Gun Rights Group Taking Healey, Baker to Federal Court Over Firearm Ban

Printed from: https://newbostonpost.com/2017/01/24/gun-rights-group-taking-healey-baker-to-federal-court-over-firearm-ban/

BOSTON The state’s leading pro-Second Amendment organization has upped the ante in its gun rights showdown with Attorney General Maura Healey, this time suing her and Governor Charlie Baker in federal court over the state’s assault weapons ban.

The Gun Owners’ Action League of Massachusetts has already turned to the state’s top public records enforcement officer, Secretary of State William Galvin, in an effort to force Healey to turn over documents and records related to her July directive banning so-called “copycat” assault weapons. Their latest civil action, filed Monday, looks to convince a federal judge to deem the state Legislature’s 1998 assault weapons ban as unconstitutional.

Also serving as plaintiffs in GOAL’s lawsuit are businesses On Target Training Inc. of East Bridgewater and Overwatch Outpost of Charlemont, in addition to five individual citizens.

“Together we are drawing a line in the sand where Massachusetts’s gun control agenda tramples the fundamental individual right to defend oneself and family in the home,” GOAL Executive Director Jim Wallace said Monday in a prepared statement.

The 33-page lawsuit claims that the state’s use of the phrase “assault weapon” is “pejorative,” and that the ban “is a non-technical, entirely fabricated, and political term of uncertain definition and scope.”
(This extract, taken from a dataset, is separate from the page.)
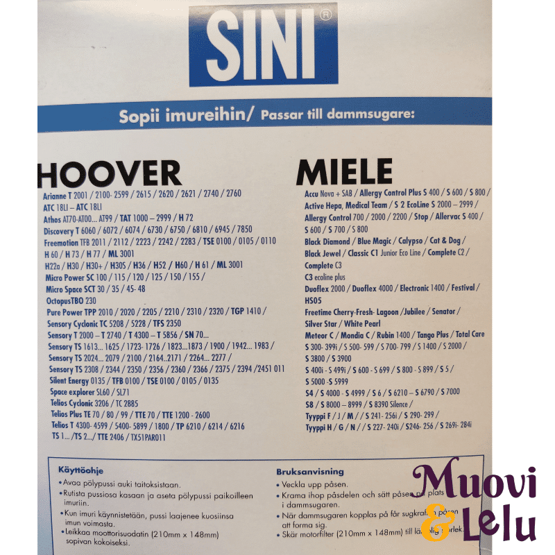 Mikrokuidusta valmistettu imurin pölypussi tarjoaa parhaan suodatuksen kotipölyn imuroinnissa. Mikrokuitupölypussin nelinkertainen rakenne tarjoaa sinulle 5 x tehokkaamman suodatuksen kuin paperipölypussi. Pakkaus sisältää viisi pölypussia sekä moottorisuodattimen.

The lawsuit seeks to convince a federal judge that Healey’s July enforcement notice was also unconstitutional.

“The Notice of Enforcement retroactively criminalizes the transfers of tens of thousands of Massachusetts Compliant Firearms that Defendants or their predecessors had approved as lawful transfers at the time such transfers occurred,” the lawsuit alleges. “Despite Defendants’ prior approvals, Defendant Healey unilaterally decreed that thousands of Massachusetts residents are suddenly criminals simply for having exercised their Second Amendment rights.”
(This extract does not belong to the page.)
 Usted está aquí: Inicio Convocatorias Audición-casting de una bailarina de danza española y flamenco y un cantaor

Brent Carlton, a spokesman for Commonwealth Second Amendment a gun rights advocacy group that is not involved in the GOAL lawsuit stated in a blog post appearing on GOAL’s website that he is “grateful that these brave citizens are coming forward.”

“The collaborative nature of this action is a great example of the unity among gun owners in Massachusetts and across the country when their fundamental rights are threatened.”
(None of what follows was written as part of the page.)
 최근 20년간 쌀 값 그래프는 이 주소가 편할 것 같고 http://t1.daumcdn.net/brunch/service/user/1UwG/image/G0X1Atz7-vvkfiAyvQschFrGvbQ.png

Jillian Fennimore, a spokesperson for Healey, defended the July directive in a prepared statement:

“The assault weapons ban keeps dangerous, military-style weapons off our streets. Since our office issued the enforcement guidance last July, sales of illegal assault weapons have ended in Massachusetts. This new lawsuit, the second challenge by the gun lobby, seeks to overturn this 20-year old law. We will vigorously defend the law and continue our enforcement efforts to protect the people of our state.”

Baker spokesperson Lizzy Guyton said the governor “supports the Second Amendment to our constitution and Massachusetts’ gun laws, including the ban on assault weapons,” but added that “the administration generally does not comment on pending lawsuits.”